Both candidates' plans broaden government health care coverage from both ends of the age spectrum. Right now, oldsters 65 and over are covered by Medicare and in most states, uninsured children under the age of 19, whose families earn up to $36,200 a year (for a family of four) are eligible for State Children's Health Insurance Programs (SCHIP). Both Edwards and Kerry would expand health coverage by allowing Americans over age 55 to buy into Medicare. And both would expand SCHIP to cover all children, up to age 21 for Edwards. Both would offer small businesses tax credits as a way to reduce the cost of insuring their employees. Both would also help workers between jobs to keep their health coverage: Edwards proposes a 70 percent federal subsidy to extend their employer health insurance and Kerry wants to offer a 75 percent tax credit to help the temporarily unemployed paid for their health insurance. Both would require insurers, hospitals, doctors, and so forth to adopt electronic record-keeping as way to reduce administrative costs. Both offer tepid plans for reducing costs by reining in some medical malpractice suits. The latter proposal is interesting since Edwards made millions from medical malpractice lawsuits.

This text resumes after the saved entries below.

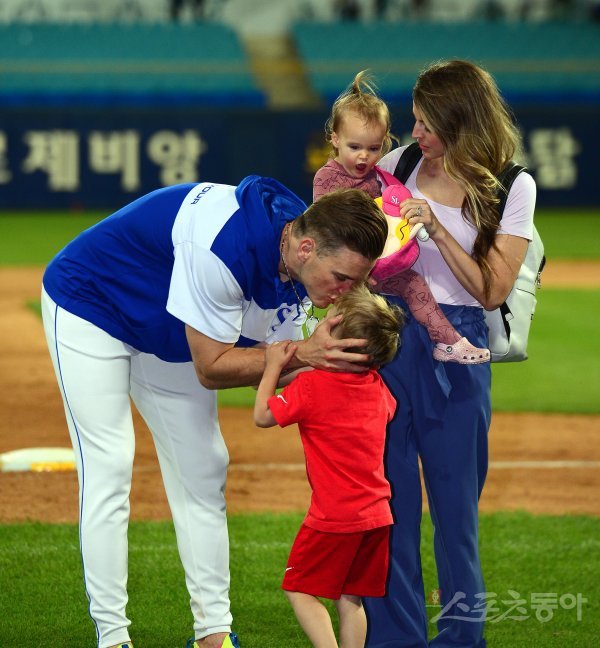 12일 대구 삼성라이온즈파크에서 ‘2022 신한은행 SOL KBO리그’ 삼성 라이온즈와 NC 다이노스의 경기가 열렸다. 삼성이 NC를 상대로 4-2로 승리한 뒤 뷰캐넌이 가족과 함께 즐거운 시간을 보내고 있다.
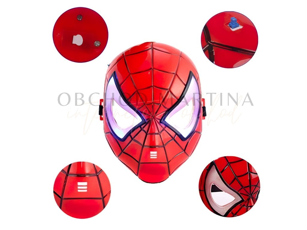 Detailně propracovaný design masky zachycuje ikonický vzhled oblíbeného hrdiny – červená barva s černou pavučinovou strukturou a výrazné bílé oči. Díky zabudovaným LED světýlkům maska září ve tmě a dodává hraní nebo kostýmovým večírkům nezapomenutelnou atmosféru.
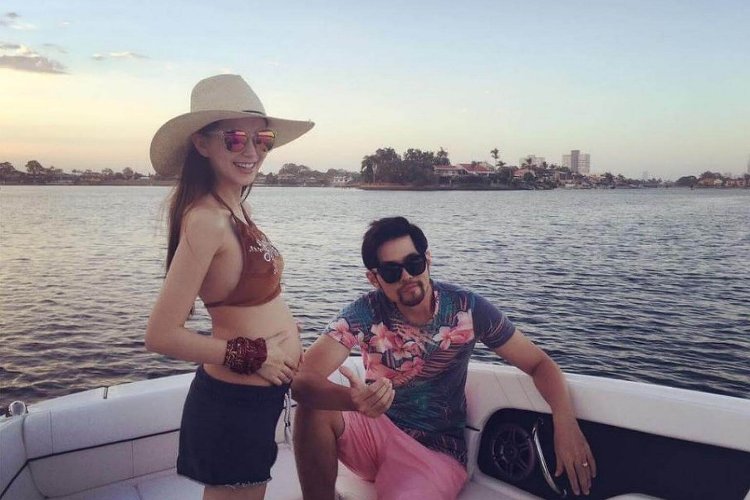 The picture (right) shared on social media shows Chou, 38, and Quinlivan, 23, on a boat. She is sporting a bikini and a baby bump.
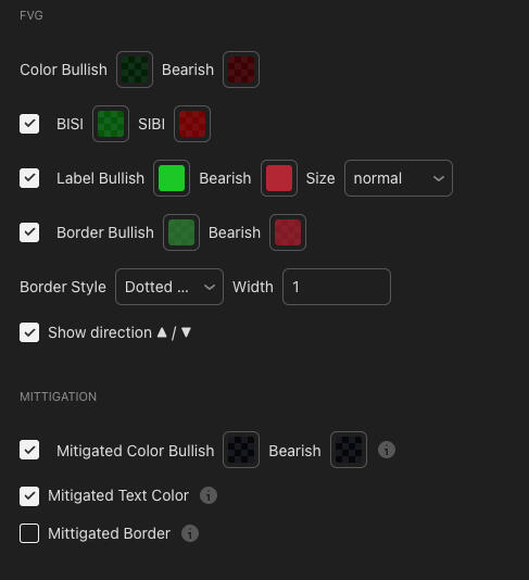 Mitigated visualization, showing where price reached equilibrium with color-coded displays. Users can choose to hide mitigated FVGs
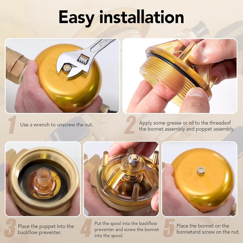 【Easy Installation】Before replace the backflow preventer, please turn off the water supply first.Pressure vacuum breaker replacement parts are serviceable from the top of the unit. Get the job done in a matter of minutes, requiring no special tools.

While their plans are similar, Kerry does offer a couple of different twists. One is that the Feds would reimburse employee health plans for 75 percent of the catastrophic costs they incur in paying for individuals' health expenses above $50,000, as long as they use those savings to reduce the costs of worker's premiums. Kerry would also allow small businesses and individuals to buy into the Federal Employees Health Benefit Program. Meanwhile Edwards would throw in subsidies aimed at keeping and attracting 100,000 nurses.

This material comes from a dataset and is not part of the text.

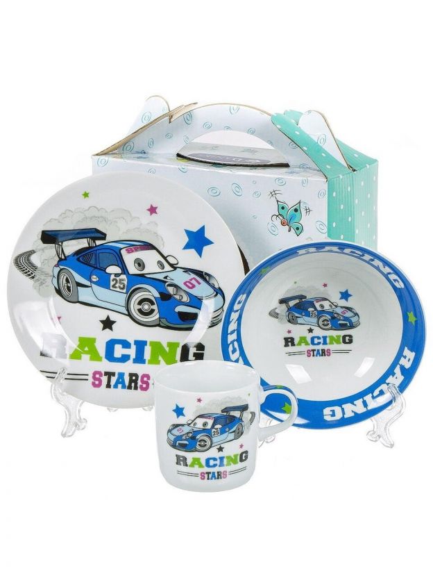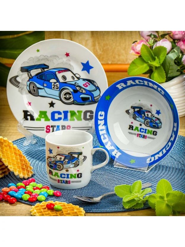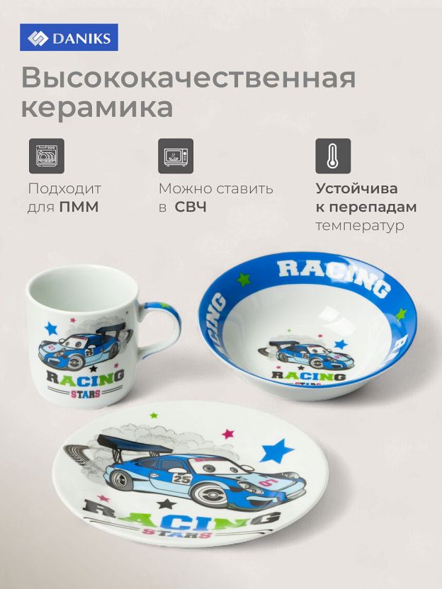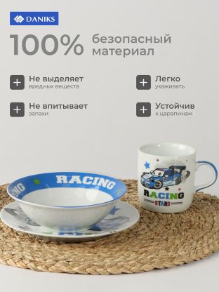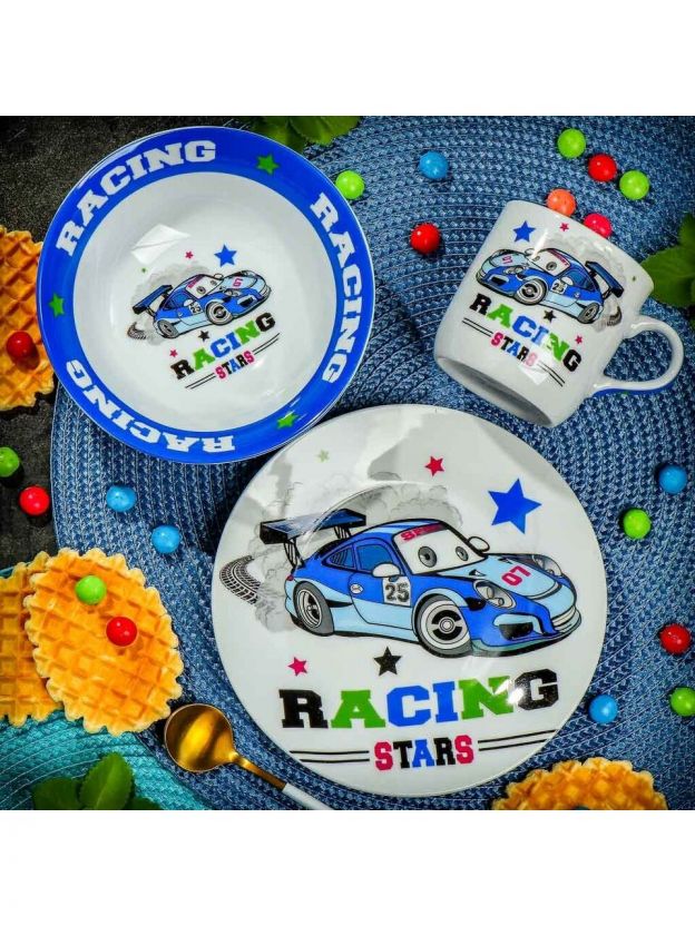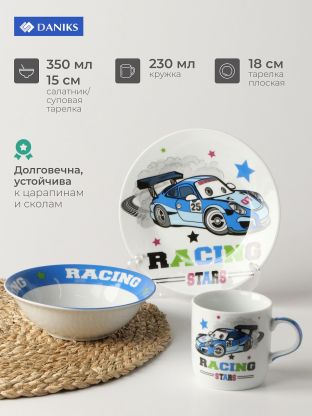 Набор посуды керамика, 3 шт, Крутой гонщик, тарелка 18см, салатник 15см/350мл, кружка 230мл, Daniks, C622
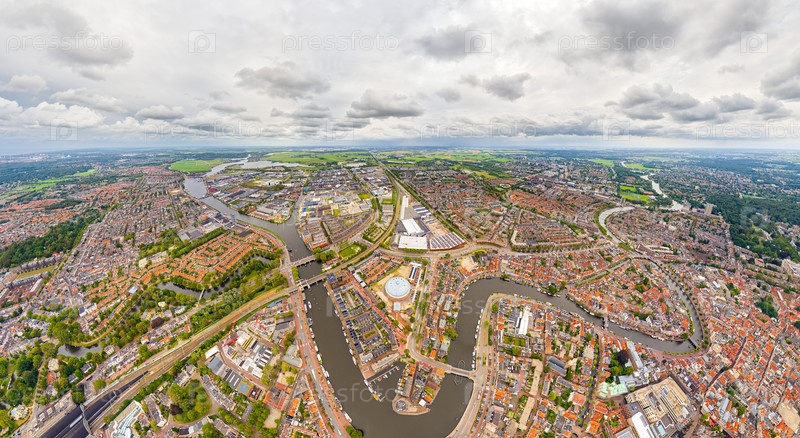 Гаарлем, Нидерланды Панорама города летом в пасмурную погоду

Kerry says his proposals would cover 27 million uninsured Americans at an average cost of $72 billion over the next five years. Edwards claims that his plans would cover 21 million Americans at a cost of about $53 billion per year.

Both of the remaining major Democratic candidates' plans are a continuation of the creeping socialization of medicine that Americans have been experiencing since the adoption of Medicare and Medicaid in the 1960s. President Bush and the Republican Congress are also pushing in that direction by socializing drug purchases for America's senior citizens under Medicare. Today, nearly 43 percent of all health care expenditures are covered by the government. There may be a hidden tipping point in such incrementalism.

Today, ignoring income limits, some 40 percent of Americans would qualify on the basis of their ages for government health care benefits. Both Kerry's and Edwards' plans increase the percentage of the American population that would be eligible for their proposed government health benefits to just over 50 percent. Remember that polls already show that over 60 percent of Americans already favor government guaranteed universal coverage. As fewer and fewer Americans enjoy private health care, fewer and fewer will be willing to resist a complete government takeover of our health care system. Kerry and Edwards may not be proposing a government takeover of medicine, but that's the clear direction that they are leading the country. Perhaps in their second Administration.